Sweet and sour sandwich pickles: A recipe for pickle perfection
These sandwich pickles may seem ordinary, yet everyone who tries them desires more immediately. I make these pickles using a simple recipe. There are no fancy ingredients, just one easily accessible seasoning. They are definitely worth a try.
7 July 2024 18:33
Sweet and sour brine sandwich pickles are ideal for those who enjoy intense flavours. They are perfect as a sandwich addition with cold cuts and work splendidly in burgers, toasties, casseroles, salads, or appetizer skewers. Their taste is so distinct that they can even charm when served independently.
How to make good sandwich pickles?
Preparing sandwich pickles in jars for winter is incredibly simple. Medium-sized cucumbers are best for such preserves, as they are easier to slice evenly. It's also important that the cucumbers are fresh and free from signs of spoilage or damage. Only such cucumbers guarantee a satisfactory taste.
What brine is best for sandwich pickles? I recommend a simple sweet and sour brine with a small addition of curry spices, mustard seeds, black peppercorns, and allspice berries. It's a classic, straightforward brine, and the addition of oriental seasoning gives it a pleasant colour and spicy notes. Every year at this time, I prepare these exact pickles. They disappear the fastest of all.
Salad pickles in jars for winter. Recipe
Ingredients:
- 3 kilograms of pickling cucumbers,
- 1.2 litres of water,
- 600 millilitres of 10% distilled vinegar,
- 750 grams of sugar,
- 2 tablespoons of mustard seeds,
- 2 tablespoons of black peppercorns,
- 20 allspice berries,
- 1 tablespoon of curry,
- 2 tablespoons of salt.
Preparation:
- Wash the cucumbers, then remove the ends and slice them into rounds.

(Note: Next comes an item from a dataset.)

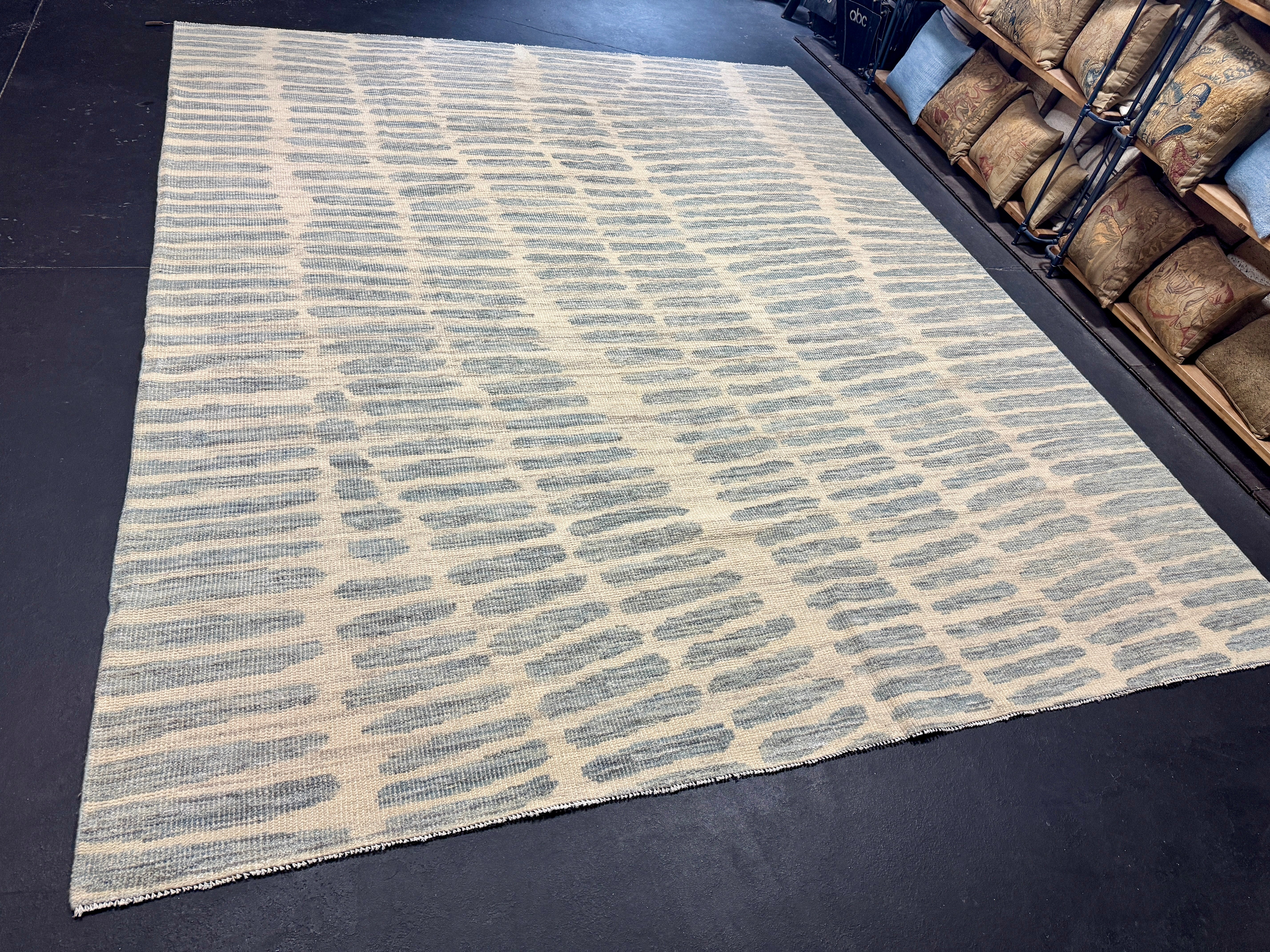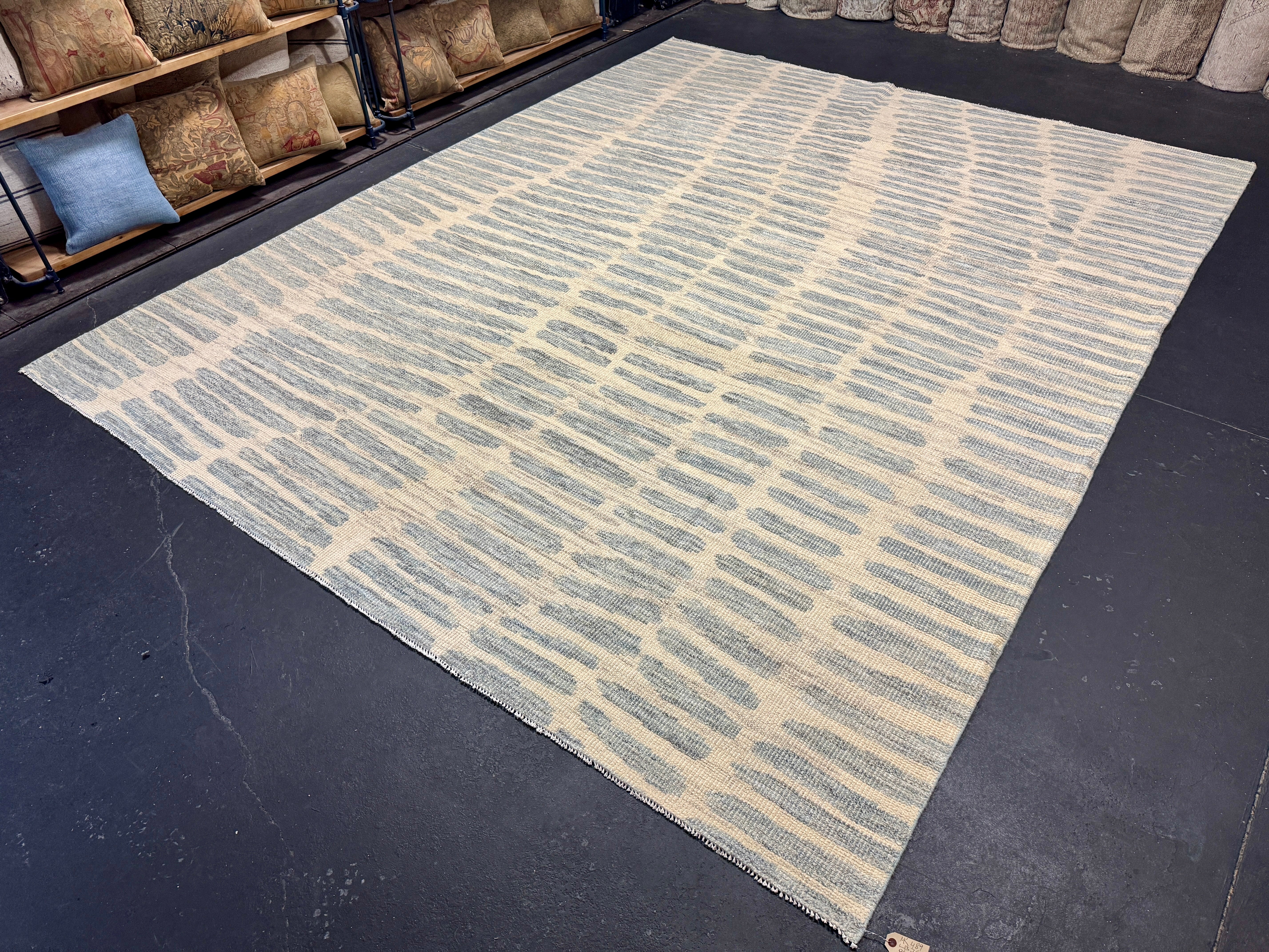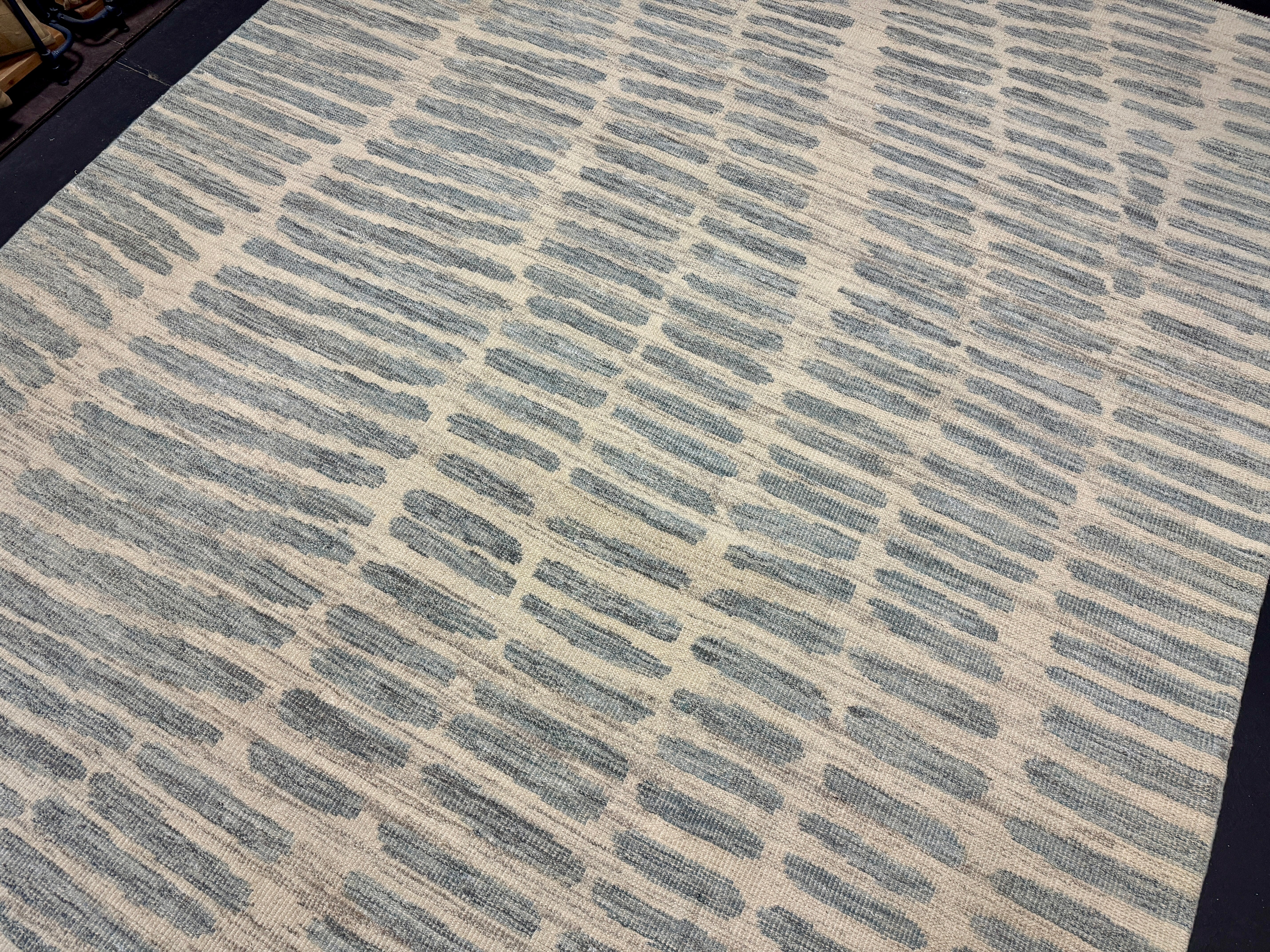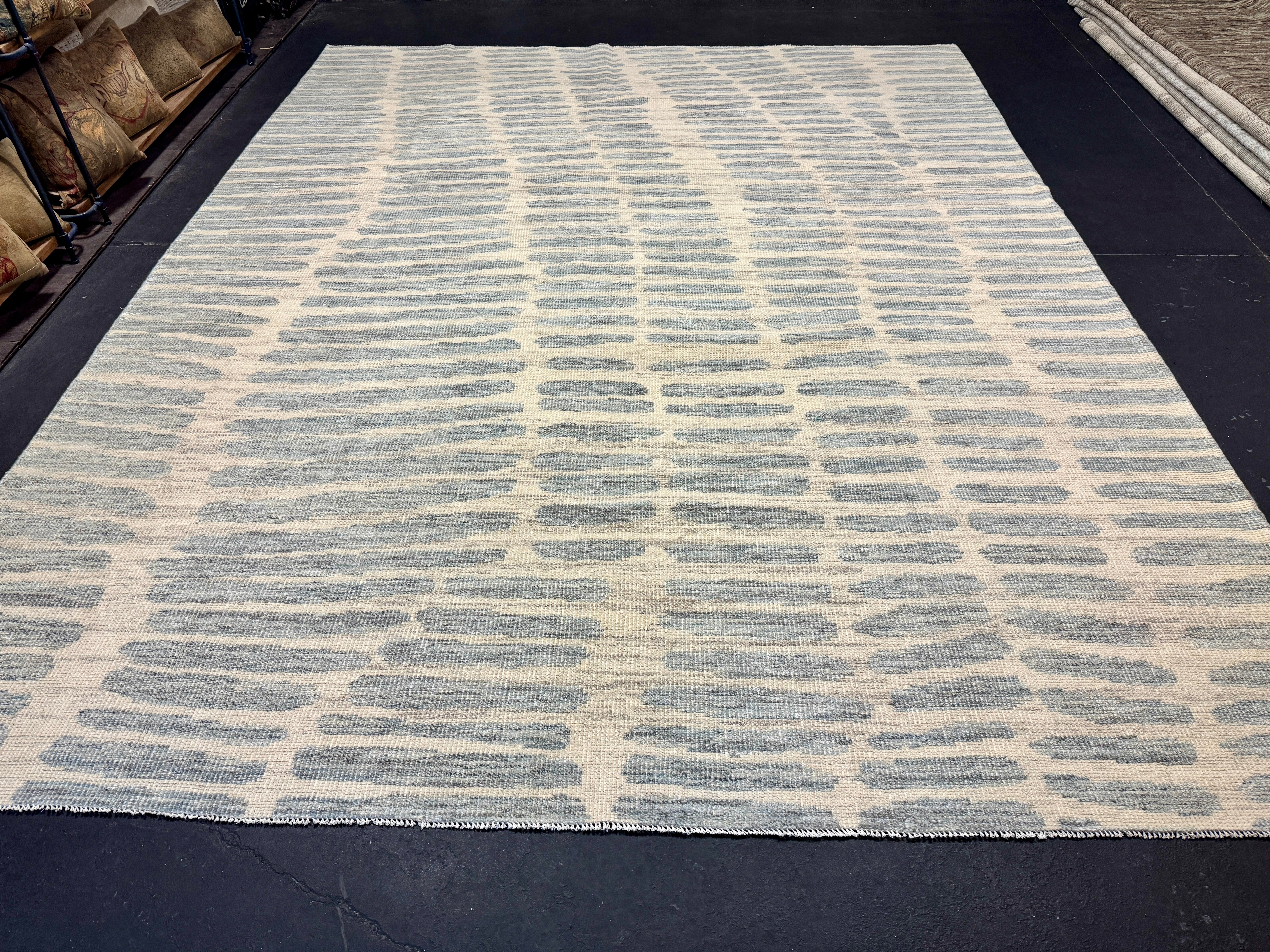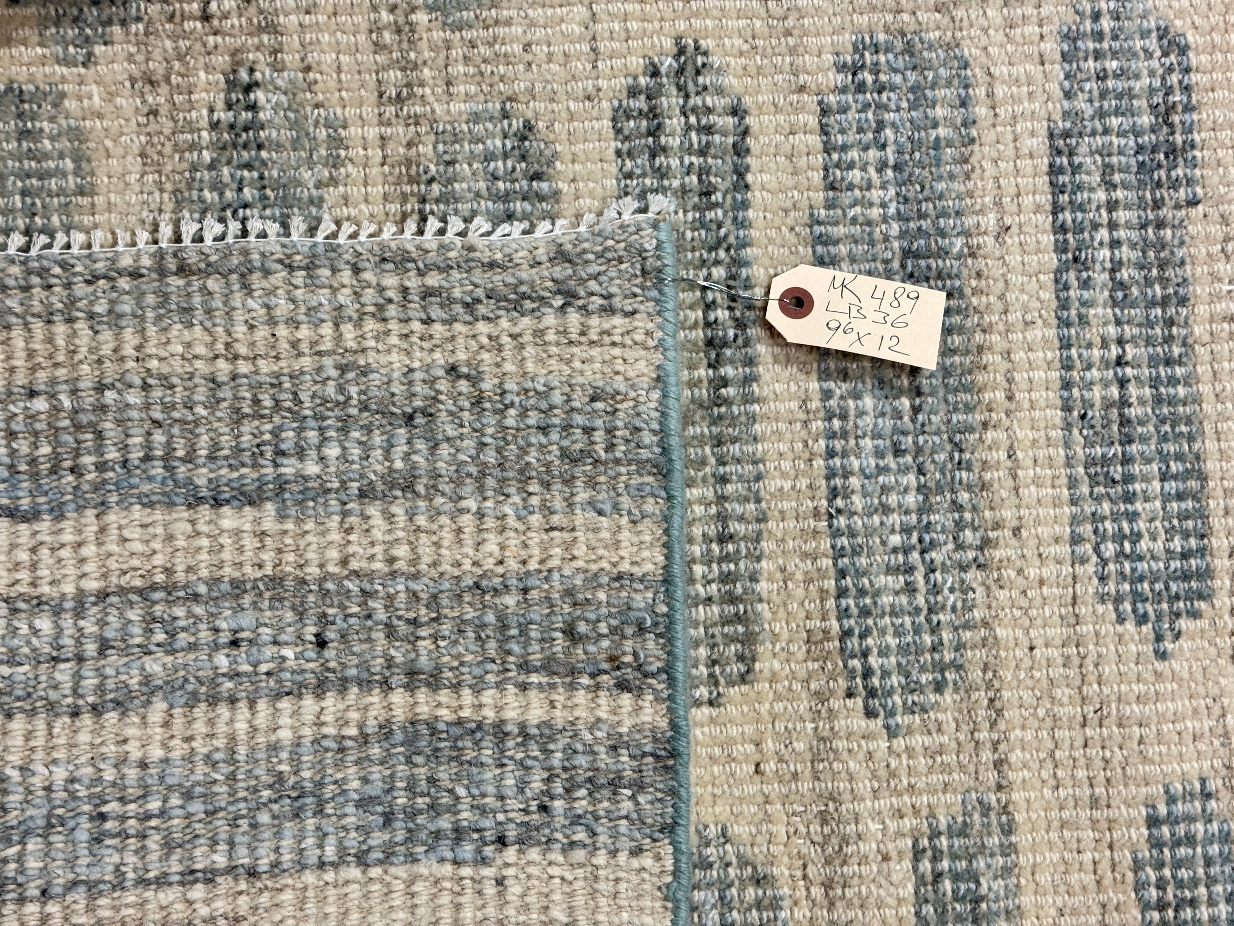 9’6 x 12’ Moroccan Style Rug Pure Soft Organic Wool Blue, Beige & Gray MK489

- Pack the cucumber slices tightly into jars.
- Prepare the brine: bring the water to a boil with vinegar, sugar, and remaining spices.
- Then, strain the brine and pour it hot over the cucumbers.
- Seal the jars and place them in a pot lined with newspapers or a cloth. The jars shouldn't touch each other.
- Fill the pot with water (up to two-thirds of the height, ensuring the water does not reach the lids).
- Process the jars for about 10 minutes from the moment they start boiling. After this time, remove them from the water and place them upside down on a cloth to cool completely.
- The sandwich pickles will be ready to eat after two days, though it's best to give them a few extra days to develop their flavours fully.